» **Required work**: From the first line below to the last, reproduce the material exactly and leave out the images.

***** Data *****

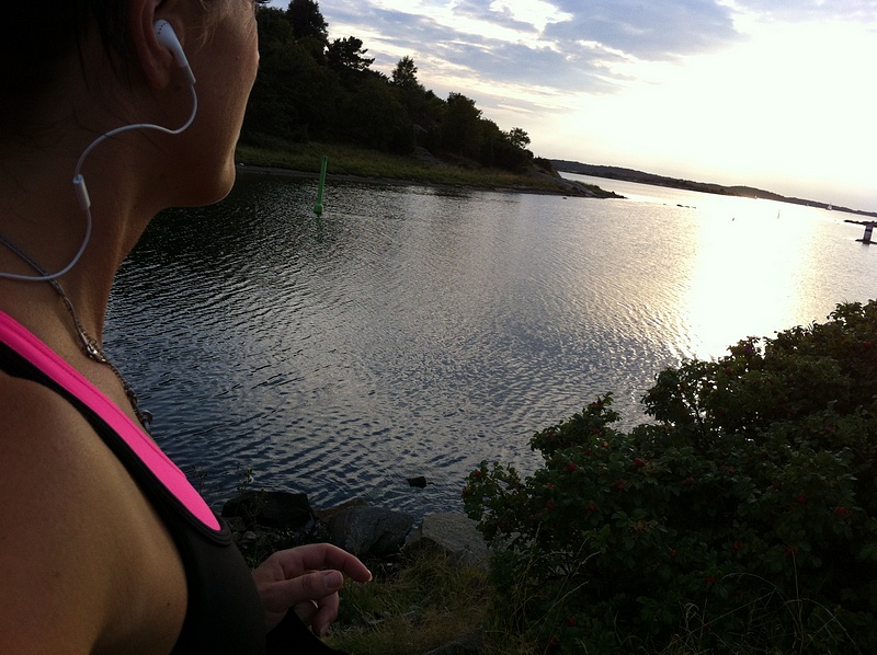 Latter" som har snygga detaljer i ryggen. Under har hon sport-bhn "
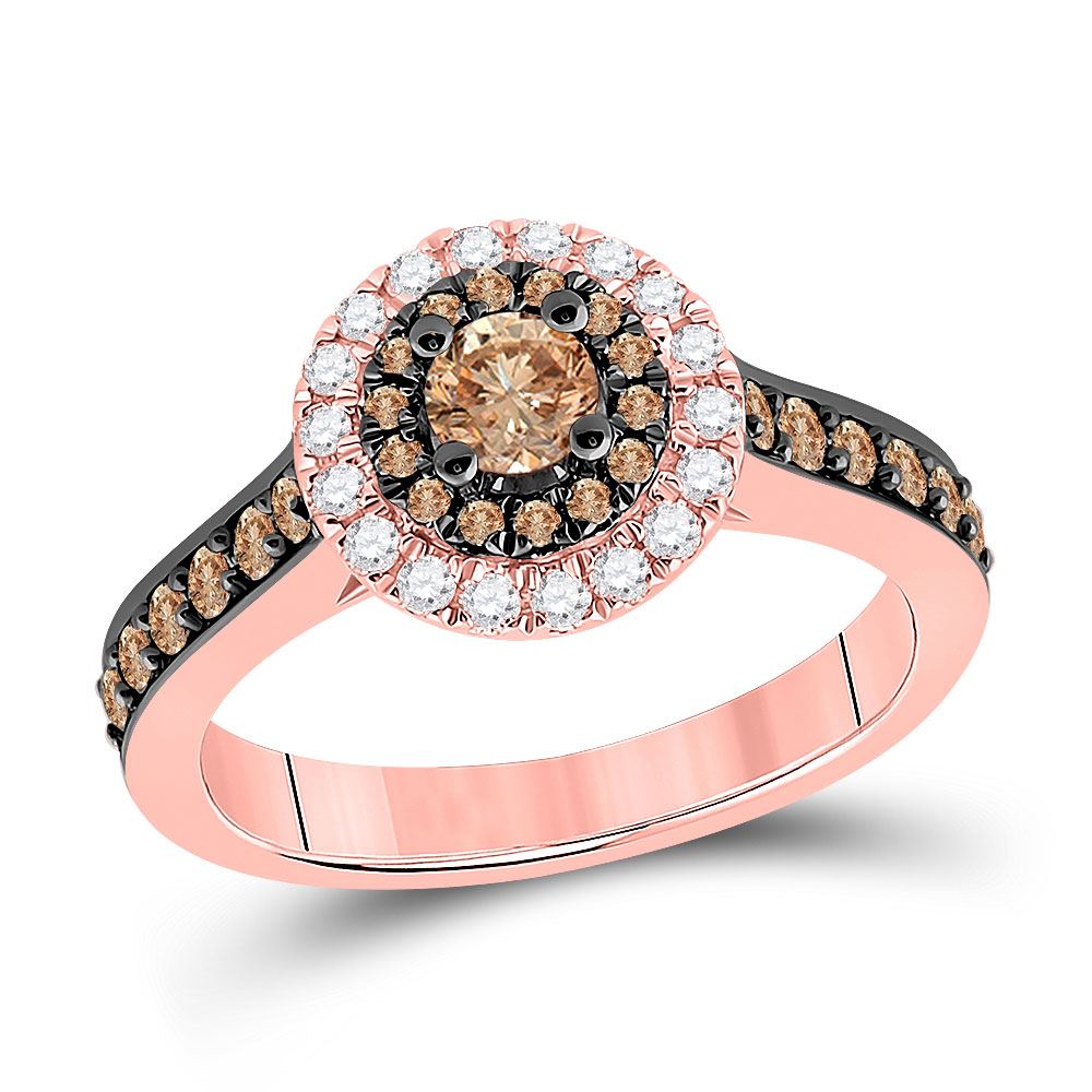 REF-81V7Y - 7/8 CTW Round Brown Diamond Solitaire Bridal Wedding Engagement Ring 14kt Rose Gold - REF-81V7Y
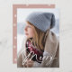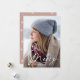 Tarjeta fotográfica de vacaciones moderna con "Merry" mostrado en un guión escrito a mano en blanco sobre tu foto vertical. Personalice la parte delantera de la tarjeta de fotos de Navidad con el nombre de su familia y el año. La tarjeta se revierte a un rosa polvoriento y a un patrón de copos de nieve blanco.

*****

» **Written solution**:
 Latter" som har snygga detaljer i ryggen. Under har hon sport-bhn "
 REF-81V7Y - 7/8 CTW Round Brown Diamond Solitaire Bridal Wedding Engagement Ring 14kt Rose Gold - REF-81V7Y
 Tarjeta fotográfica de vacaciones moderna con "Merry" mostrado en un guión escrito a mano en blanco sobre tu foto vertical. Personalice la parte delantera de la tarjeta de fotos de Navidad con el nombre de su familia y el año. La tarjeta se revierte a un rosa polvoriento y a un patrón de copos de nieve blanco.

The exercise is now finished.